As a result, the existing method has a problem that accurate fire detection cannot be determined because, in a plurality of single fire detection sensors (for example, a plurality of single fire detection sensors that have the same sensitivity or detect fire features in the same manner), the reliability and stability of each single fire detection sensor cannot be insured.
In addition, conventionally, even when using a combined sensor that detects different types of fire features at the same time (for example, a sensor in which a gas sensor, an optical sensor, a temperature sensor, and the like are integrally combined), there is a problem that accurate fire detection cannot be performed even when a failure or malfunction occurs in any one sensor that constitutes the combined sensor, and thus a sensing value of the combined sensor does not exceed a predetermined threshold.

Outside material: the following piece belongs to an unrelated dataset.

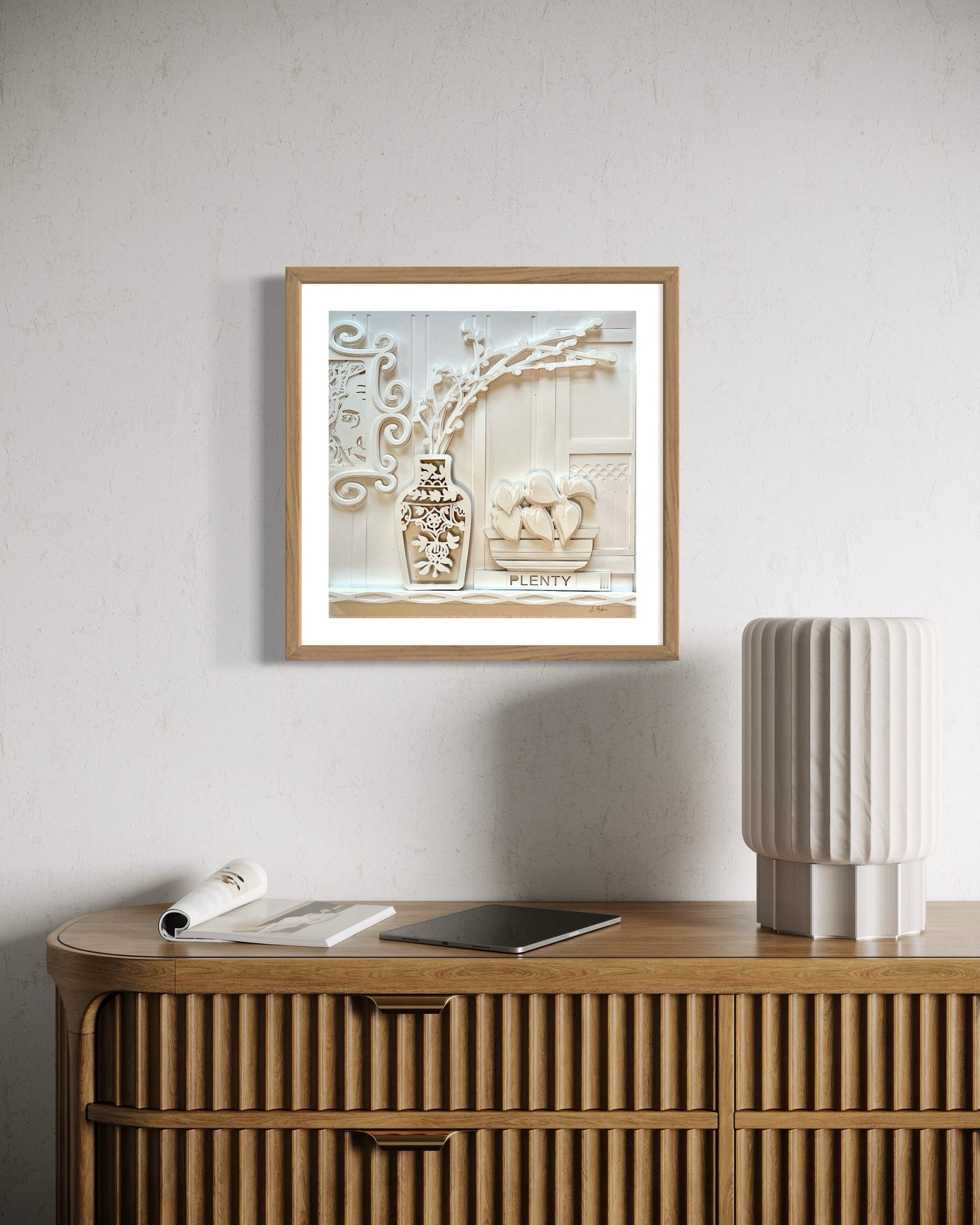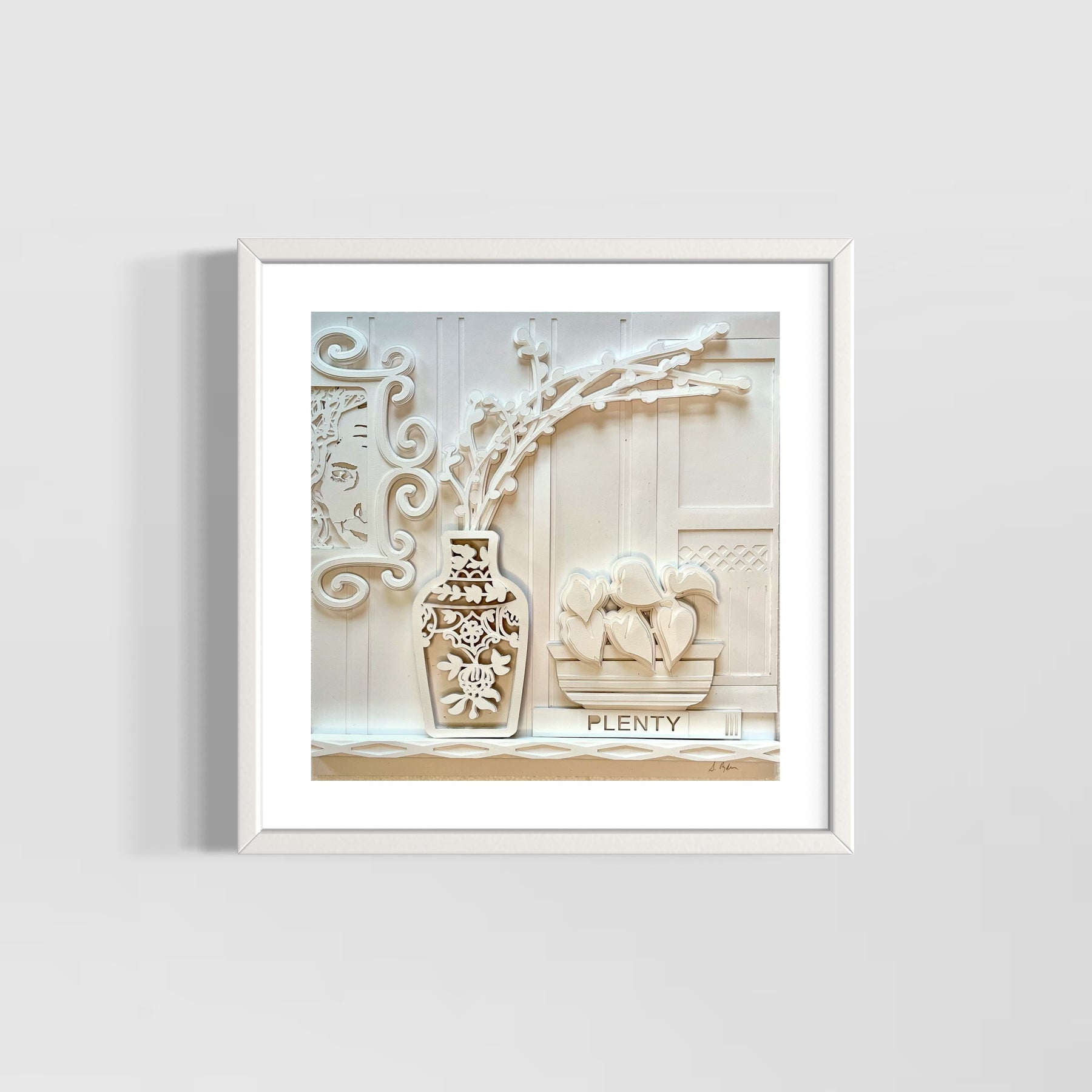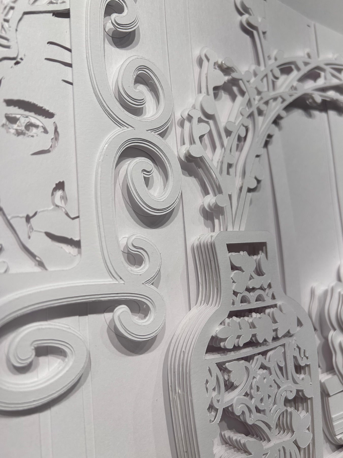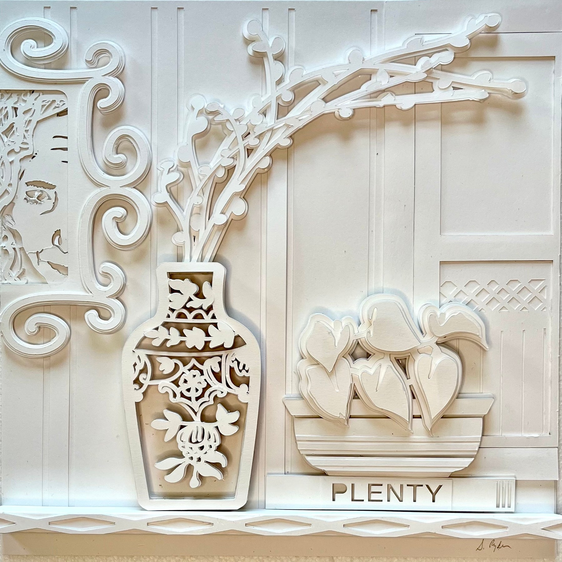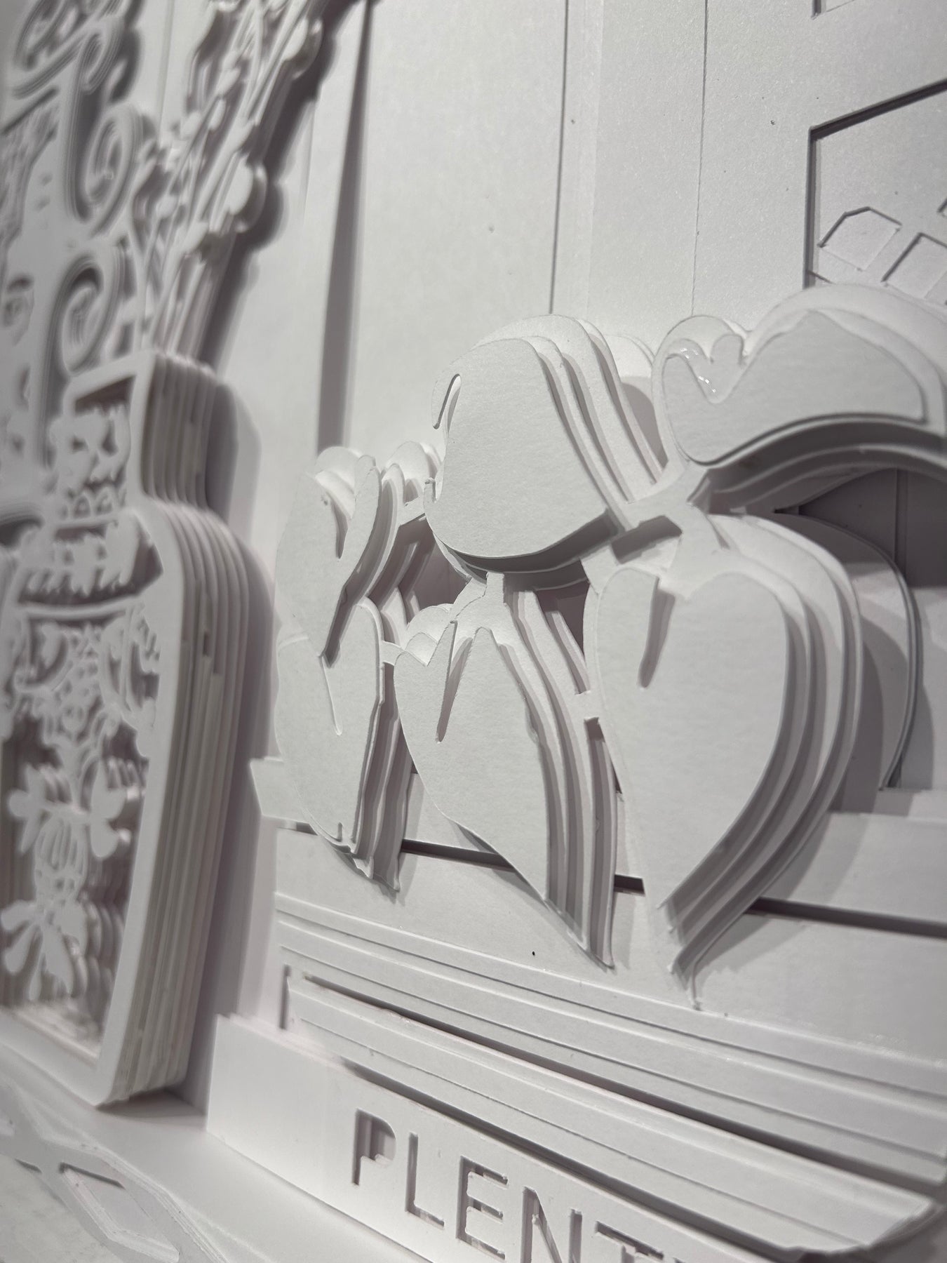 Susan Ryder's art is created by meticulously cutting and layering crisp white paper, distanced just a few millimeters apart. This technique allows for a full spectrum of colors to emerge solely from the shadows. The use of all white paper is important to allow the shadows to exist without distraction. The result is a dynamic sketch, rich with overlapping shadows that shift and change with the movement of light.

However, unlike a related art, in the multimodal gas sensor array 110 according to the present embodiment, rather than by using a single gas sensor or a plurality of single gas sensors, by using gas sensor arrays having different sensitivities or operating in different modes (or different manners) as shown in FIG. 2, a fire is detected using a gas detection pattern that may be detected by each gas sensor.
In this case, even when a failure or malfunction occurs in an individual sensor or a plurality of sensors, the detection accuracy and selectivity for a specific gas generated by a fire can be improved. That is, even when there is a difference in sensing sensitivity between respective gas sensors included in the multimodal gas sensor array 110 according to the present embodiment, since gas detection patterns detected by the respective gas sensors have a similar form, a fire can be detected irrespective of a threshold.
The processor 120 may perform operations for executing various types of software, firmware, or program code. Through the multimodal gas sensor array 110, the processor 120 may measure a plurality of gases, in which various gases are mixed, generated when a fire occurs. Alternatively, one specific gas may be measured among a plurality of gases, in which various gases are mixed, generated when a fire occurs.
By using information (or data) detected using the multimodal gas sensor array 110, the processor 120 may pre-learn a gas detection pattern according to a position at which a fire has occurred (for example, a house, a factory, an energy storage system (ESS), or an electric vehicle), an object in which the fire has occurred (for example, wood, a synthetic compound, a chemical substance, paper, or a battery), and a fire range (for example, a fire range according to an initial stage, a middle stage, or a final stage of the fire).
Through an artificial intelligence model, the processor 120 may learn a detection pattern of gas (that is, gas in which various types of gases having various intensities are mixed) generated when a fire occurs. In this case, according to the sensitivity of an individual das sensor included in the multimodal gas sensor array 110, even when there is a difference in sensing sensitivity between respective gas sensors, gas detection patterns detected by the respective gas sensors have a similar form so that a fire can be detected irrespective of a threshold.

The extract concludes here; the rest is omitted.